§ REQUIRED WORK: Could you repeat word for word only the lines from the one containing "Reach through the" to the last line of the data below?

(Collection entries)
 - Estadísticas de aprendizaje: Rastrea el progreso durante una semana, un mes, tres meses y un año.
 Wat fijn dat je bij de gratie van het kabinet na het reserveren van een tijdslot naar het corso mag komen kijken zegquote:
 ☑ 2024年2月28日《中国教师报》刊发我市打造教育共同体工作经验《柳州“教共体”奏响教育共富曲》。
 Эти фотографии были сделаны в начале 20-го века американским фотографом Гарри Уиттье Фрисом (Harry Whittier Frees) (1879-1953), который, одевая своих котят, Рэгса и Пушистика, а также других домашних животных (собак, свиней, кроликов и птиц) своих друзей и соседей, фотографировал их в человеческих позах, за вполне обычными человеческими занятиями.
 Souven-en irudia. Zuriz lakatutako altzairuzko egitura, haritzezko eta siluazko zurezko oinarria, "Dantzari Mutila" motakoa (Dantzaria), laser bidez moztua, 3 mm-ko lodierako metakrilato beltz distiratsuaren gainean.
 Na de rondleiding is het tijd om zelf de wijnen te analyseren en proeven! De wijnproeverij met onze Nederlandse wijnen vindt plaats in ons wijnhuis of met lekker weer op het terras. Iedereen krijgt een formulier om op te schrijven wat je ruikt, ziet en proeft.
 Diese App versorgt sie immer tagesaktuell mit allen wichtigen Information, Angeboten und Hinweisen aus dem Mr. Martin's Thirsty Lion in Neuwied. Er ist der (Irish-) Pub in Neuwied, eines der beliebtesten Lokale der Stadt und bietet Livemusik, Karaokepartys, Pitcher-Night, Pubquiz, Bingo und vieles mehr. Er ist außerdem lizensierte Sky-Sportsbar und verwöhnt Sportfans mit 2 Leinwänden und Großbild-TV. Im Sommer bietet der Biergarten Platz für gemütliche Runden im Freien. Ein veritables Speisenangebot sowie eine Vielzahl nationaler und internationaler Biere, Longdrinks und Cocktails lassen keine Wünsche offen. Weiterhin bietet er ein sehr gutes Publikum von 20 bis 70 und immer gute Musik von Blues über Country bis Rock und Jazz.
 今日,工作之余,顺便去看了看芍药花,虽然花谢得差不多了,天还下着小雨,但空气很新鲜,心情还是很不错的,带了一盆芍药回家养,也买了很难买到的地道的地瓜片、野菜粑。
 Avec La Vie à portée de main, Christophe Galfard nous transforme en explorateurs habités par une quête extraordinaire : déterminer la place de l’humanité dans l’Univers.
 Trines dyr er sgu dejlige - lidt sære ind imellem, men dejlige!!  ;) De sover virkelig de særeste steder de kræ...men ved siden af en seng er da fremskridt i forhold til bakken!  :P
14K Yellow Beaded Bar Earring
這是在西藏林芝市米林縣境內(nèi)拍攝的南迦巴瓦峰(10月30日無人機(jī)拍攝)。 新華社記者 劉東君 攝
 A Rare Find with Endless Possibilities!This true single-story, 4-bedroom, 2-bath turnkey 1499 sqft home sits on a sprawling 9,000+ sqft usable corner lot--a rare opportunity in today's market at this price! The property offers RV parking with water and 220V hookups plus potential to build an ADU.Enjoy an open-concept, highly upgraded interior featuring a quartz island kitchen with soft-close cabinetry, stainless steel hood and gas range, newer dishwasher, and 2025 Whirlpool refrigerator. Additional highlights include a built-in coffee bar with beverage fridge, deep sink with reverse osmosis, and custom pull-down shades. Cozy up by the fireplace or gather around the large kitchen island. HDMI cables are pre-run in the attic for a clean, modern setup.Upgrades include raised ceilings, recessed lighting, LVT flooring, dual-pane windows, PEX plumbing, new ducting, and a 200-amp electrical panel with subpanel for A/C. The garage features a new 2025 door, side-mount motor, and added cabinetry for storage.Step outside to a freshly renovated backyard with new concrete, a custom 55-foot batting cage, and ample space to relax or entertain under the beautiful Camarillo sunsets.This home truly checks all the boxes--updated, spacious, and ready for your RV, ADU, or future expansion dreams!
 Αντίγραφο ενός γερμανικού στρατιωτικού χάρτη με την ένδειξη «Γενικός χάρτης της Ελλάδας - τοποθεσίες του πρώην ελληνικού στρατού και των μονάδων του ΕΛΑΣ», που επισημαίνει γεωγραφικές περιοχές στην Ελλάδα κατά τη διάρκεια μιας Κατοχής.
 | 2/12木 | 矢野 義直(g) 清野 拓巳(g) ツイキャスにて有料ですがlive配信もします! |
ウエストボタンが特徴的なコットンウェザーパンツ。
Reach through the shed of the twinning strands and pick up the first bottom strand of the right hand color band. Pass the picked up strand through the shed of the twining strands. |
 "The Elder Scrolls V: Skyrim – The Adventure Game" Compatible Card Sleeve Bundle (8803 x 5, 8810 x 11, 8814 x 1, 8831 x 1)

§ WRITTEN ANSWER:
Reach through the shed of the twinning strands and pick up the first bottom strand of the right hand color band. Pass the picked up strand through the shed of the twining strands. |
 "The Elder Scrolls V: Skyrim – The Adventure Game" Compatible Card Sleeve Bundle (8803 x 5, 8810 x 11, 8814 x 1, 8831 x 1)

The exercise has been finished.